I thought I’d better not come between an owner and his trainer. “No, no. I really don’t think I ought to.”
“Well, I’m gonna go, and I’d better like what I see tomorrow.”
I got the story of what happened at the track from two different sources, and it was essentially the same in each telling, Joe got to the barn area very early. Dawn had not quite stretched her finger-rays over Belmont Park, joe had walked down the shedrow, past the stalls. Most of the horses were at attention at their feed bags. He stopped at a stall where a horse was over on his side. Completely still. A solitary lly buzzed around his eyes. Then another came and buzzed his posterior. The nameplate on the stall read Croquet King, and his trainer was the gentleman to whom Joe had gone for “another opinion.” Croquet King was an Irish horse that had run creditably in claimers in this country, but the trainer was looking forward to bigger things on grass in June and July. Joe gave a shrill whistle and stamped; the flies reacted, but the horse didn’t. He shouted: “C’mon King. Up boy. C’mon boy.” Nothing. So he let it be.
Joe moved to Para Bola’s stall. She recognized him immediately, and both of them perked up. He caressed her. She tried to bite his hand. He gave her some sugar. She took it and then tried to bite his hand. At moments like these Para Bola was more than Joe’s means to claiming a winner. She was a winner — the two-year-old filly champion. Joe was playing with his dream horse when his trainer ambled into the barn. He was a man who thought that owners ought to put up the money and stay away from the horses. He winced at Joe’s display.
Joe and his trainer greeted each other tentatively. Both sensed the importance of the day, the need for a resolution.
“She gets another shot out of the gate today,” the trainer drawled.
“She’d better come out,” Joe said, feeding Para Bola his knuckle.
“She’ll come out when she comes out. Nothin’ kin hurry that.”
Joe sensed that his ultimatum had been understood, so he could afford to change the subject: “What’s wrong with Croquet King down there? He’s out like a light.”
“Nothin’ wrong. He just a very sound sleeper is all. Whyn’t you go down an’ wake ‘im up.” It cannot be absolutely determined precisely how ironic this simple man was, but the evidence suggesting strong irony is considerable. Joe went back to Croquet King’s stall and blew six shrill whistles at the horse. Other horses bolted and stomped and whinnied.
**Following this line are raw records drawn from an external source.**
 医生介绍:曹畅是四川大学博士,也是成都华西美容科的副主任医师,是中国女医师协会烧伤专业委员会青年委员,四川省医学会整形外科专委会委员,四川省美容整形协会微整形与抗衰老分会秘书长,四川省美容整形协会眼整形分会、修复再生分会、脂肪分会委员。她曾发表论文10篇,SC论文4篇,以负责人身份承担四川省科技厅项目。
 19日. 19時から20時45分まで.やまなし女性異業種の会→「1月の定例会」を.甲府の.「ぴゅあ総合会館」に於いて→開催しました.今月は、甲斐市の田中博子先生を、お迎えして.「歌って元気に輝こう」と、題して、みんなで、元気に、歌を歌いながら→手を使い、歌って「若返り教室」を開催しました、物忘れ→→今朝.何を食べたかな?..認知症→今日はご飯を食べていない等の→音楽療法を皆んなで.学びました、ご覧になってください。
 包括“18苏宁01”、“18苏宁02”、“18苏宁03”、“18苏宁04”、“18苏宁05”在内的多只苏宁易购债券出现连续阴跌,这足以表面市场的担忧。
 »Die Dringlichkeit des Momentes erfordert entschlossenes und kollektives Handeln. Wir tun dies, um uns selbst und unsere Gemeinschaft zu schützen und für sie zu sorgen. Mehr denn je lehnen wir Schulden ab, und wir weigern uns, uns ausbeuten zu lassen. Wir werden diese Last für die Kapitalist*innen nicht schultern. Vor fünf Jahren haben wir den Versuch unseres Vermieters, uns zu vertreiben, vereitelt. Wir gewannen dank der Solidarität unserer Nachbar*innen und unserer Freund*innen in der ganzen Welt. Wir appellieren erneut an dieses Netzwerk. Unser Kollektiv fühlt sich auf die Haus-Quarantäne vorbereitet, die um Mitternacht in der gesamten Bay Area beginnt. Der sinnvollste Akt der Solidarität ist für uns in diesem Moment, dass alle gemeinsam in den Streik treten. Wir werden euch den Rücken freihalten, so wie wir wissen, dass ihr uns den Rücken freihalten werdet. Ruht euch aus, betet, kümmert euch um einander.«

'‘He’s a sound sleeper. Get closei’,” came the professional advice from the end of the barn.
Joe entered the stall and blew shrilly into the dormant ear.
“You’ve got to hit ‘im,” the advice curled in through the door,
Joe slapped the horse’s neck while making a clucking with his mouth. The two flies flew out of the stall, but the horse didn’t move.
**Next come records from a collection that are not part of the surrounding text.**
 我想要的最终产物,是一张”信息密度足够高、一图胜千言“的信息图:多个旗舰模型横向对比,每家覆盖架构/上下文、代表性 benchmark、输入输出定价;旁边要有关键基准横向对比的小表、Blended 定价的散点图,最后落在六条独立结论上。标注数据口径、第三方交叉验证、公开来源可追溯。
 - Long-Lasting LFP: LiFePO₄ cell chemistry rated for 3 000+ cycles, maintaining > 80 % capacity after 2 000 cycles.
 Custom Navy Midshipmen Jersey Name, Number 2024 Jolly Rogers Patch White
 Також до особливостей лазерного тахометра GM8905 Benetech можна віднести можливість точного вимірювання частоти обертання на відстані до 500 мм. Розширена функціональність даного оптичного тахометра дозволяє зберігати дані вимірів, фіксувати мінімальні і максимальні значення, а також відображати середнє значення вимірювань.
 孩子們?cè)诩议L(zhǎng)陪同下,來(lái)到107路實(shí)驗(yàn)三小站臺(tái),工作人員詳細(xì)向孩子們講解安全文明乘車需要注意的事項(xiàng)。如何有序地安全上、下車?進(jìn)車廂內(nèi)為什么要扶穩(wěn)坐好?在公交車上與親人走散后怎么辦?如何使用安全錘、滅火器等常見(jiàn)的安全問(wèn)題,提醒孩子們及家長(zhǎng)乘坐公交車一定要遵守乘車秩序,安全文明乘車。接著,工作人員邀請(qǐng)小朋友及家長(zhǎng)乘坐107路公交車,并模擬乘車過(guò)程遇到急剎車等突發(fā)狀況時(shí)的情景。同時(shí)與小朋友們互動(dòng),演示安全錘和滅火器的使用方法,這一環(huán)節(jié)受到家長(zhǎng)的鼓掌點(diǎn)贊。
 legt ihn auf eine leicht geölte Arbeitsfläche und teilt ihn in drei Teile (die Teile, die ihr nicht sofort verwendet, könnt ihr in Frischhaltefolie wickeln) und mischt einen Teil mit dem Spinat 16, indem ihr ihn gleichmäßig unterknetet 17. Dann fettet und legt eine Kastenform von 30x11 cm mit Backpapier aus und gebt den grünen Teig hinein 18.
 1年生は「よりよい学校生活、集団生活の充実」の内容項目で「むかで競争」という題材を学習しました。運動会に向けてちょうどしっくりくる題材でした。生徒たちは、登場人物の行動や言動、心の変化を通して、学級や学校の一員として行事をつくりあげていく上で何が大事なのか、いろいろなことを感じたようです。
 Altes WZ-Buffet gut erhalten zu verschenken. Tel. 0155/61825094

Para Bola was set for a light gallop and then schooling from the gate. She was saddled and ready to take the track, so Joe returned to his first love. Para Bola was a bit frisky, but she warmed up nicely. She went to school in the starting gate with four other two-year-olds. She had to be pushed in by three assistant starters. Another kept her head straight. The gate opened, and Para Bola flew out in running stride. The boy was under orders to work her if she broke, and surprised though he was, he did — five furlongs in a minute and five seconds. Poor time, but better than Croquet King would ever run. He’d been dead since about 1 A.M. Joe’s trainer must have peeked in and seen the indubitable marks. Croquet King’s trainer was now standing thunderstruck over the carcass. Joe Bananas had been had, but he didn’t seem to mind — his horse had broken from the starting gate.
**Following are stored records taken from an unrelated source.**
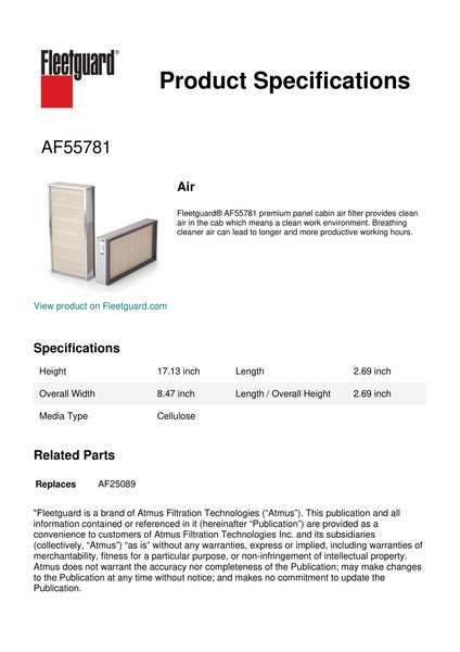 Fleetguard® AF55781 premium panel cabin air filter provides clean air in the cab which means a clean work environment. Breathing cleaner air can lead to longer and more productive working hours.Specification
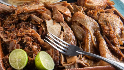 Both types of meat are prepared in large quantities and built for sharing, especially on festive occasions. Frequently available at weekend markets, they're associated with a convivial atmosphere. Carnitas are available all around Mexico, but renditions from Michoacan are especially popular. Barbacoa is also ubiquitous but is more strongly associated with Central Mexico. It's hard to go wrong with either — but look for carnitas' more characteristic light color to tell the two apart.
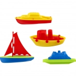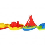 Ez a praktikus készlet négy műanyag csónakot tartalmaz különböző formákban és színekben, köztük vitorlást és motorcsónakokat. A csónakok könnyűek, tartósak, és jól illeszkednek a kis gyerekkezekbe. Úszó kialakításuknak köszönhetően tökéletesek a kádba és a gyerekpancsolóba.

For the trainer of Croquet King there were rounds of commiseration from other trainers, the owners, the exercise boys, the grooms — all were secretly pleased that they hadn’t lost their own horses. The explanations were sensible: King had bled from the mouth after his last race; had gone off his feed; great temperature fluctuations. Everyone around the track is tense and edgy when a horse dies. The tenderness a horse engenders in these hard-bitten people is impossible to discover from the outside, but the racehorse is loved by them —loved in the way that a man loves his own pulse, a love usually unannounced.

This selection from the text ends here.